Unfortunately, visual sensing hardware requires enormous bandwidth. Megapixel cameras produce millions of bytes per frame. Thus, the temporal sampling rate is low, reaction times are high, and reflexive adjustments based on visual data become impractical.

We finally have the opportunity to overturn the paradigm of vision being impractical for low-latency problems, and to facilitate a step change in robotic capabilities, thanks to recent advances in visual sensor technology. Asynchronous visual sensors (also known as event cameras) eschew regular sensor wide updates (i.e. images). Instead, every pixel independently and asynchronously transmits a packet of information, as soon as it detects an intensity change from its previous transmission. This drastically reduces data bandwidth by avoiding the redundant transmission of unchanged pixels. More importantly, because these packets are transmitted immediately, the sensor typically provides a latency reduction of 3 orders of magnitude (30ms to 30us) between an event occurring and it being perceived.

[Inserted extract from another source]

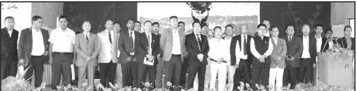
World Environment Day was observed at Mokokchung Town Hall on 5 th June 2017 with Nagaland Legislative Assembly Speaker Dr. Imtiwapang Aier as the chief guest.

The joint and unanimous resolution of the people includes (a) protection and preservation of the forest, bio-diversity and natural environment, selection of an area within the village jurisdiction and designate it as Community Reserve Forest where no activities detrimental to the forest shall be permitted (b) to prohibit uncontrolled burning of forest throughout the area under jurisdiction (c) to prohibit the use of chemicals, toxic substances, batteries and other harmful methods of fishing in the rivers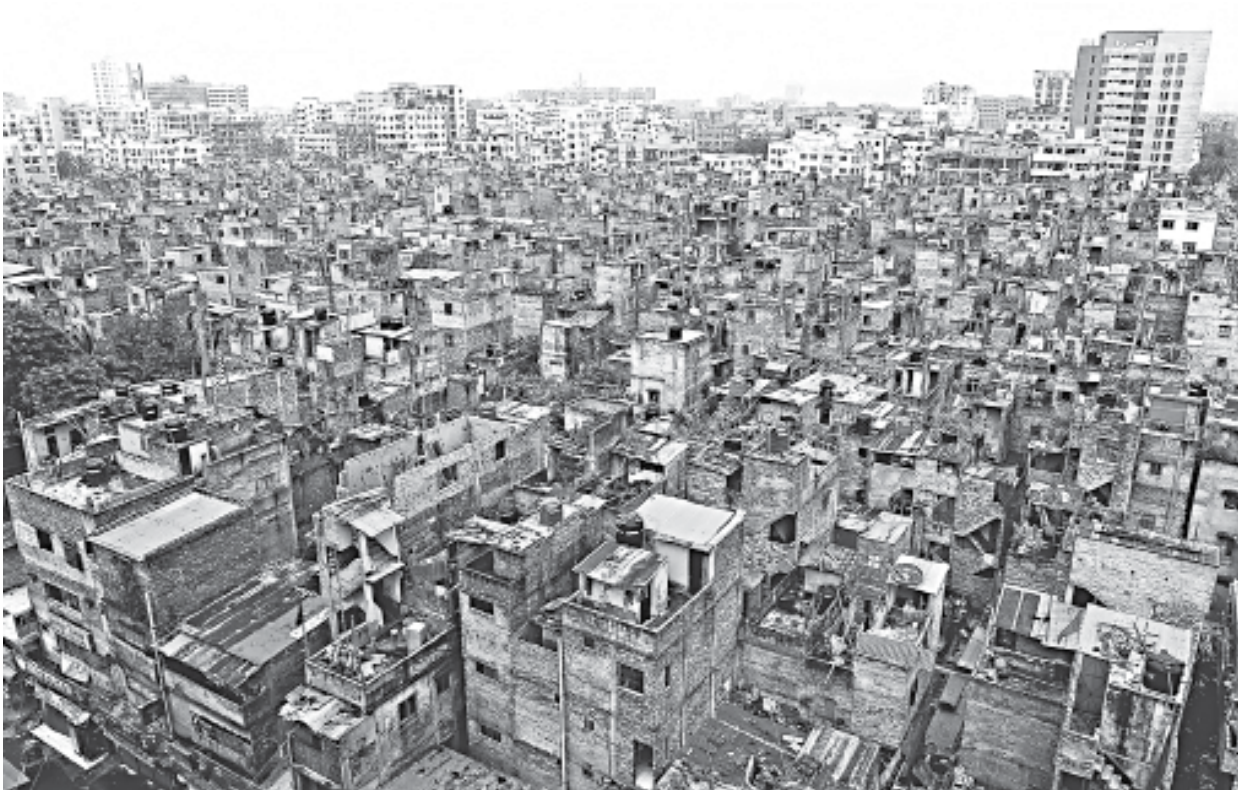
This aerial view of Geneva Camp shows how difficult social distancing can be in such a congested space.

This advancement in visual sensing is dramatic, but we are desperately in need of a commensurate revolution in robotic perception research. Without the concepts of the image or synchronous sampling, decades of computer vision and machine learning research is rendered unusable with these sensors. This project will provide the theoretical foundations for the robot perception revolution, by developing novel asynchronous paradigms for both perception and understanding. Mirroring biological systems, this will comprise a hierarchical perception framework encompassing both low-level reflexes and high-level understanding, in a manner reminiscent of modern deep-learning. However, unlike deep-learning, pixel-update events will occur asynchronously and will propagate independently through the system, hence maintaining extremely low latency.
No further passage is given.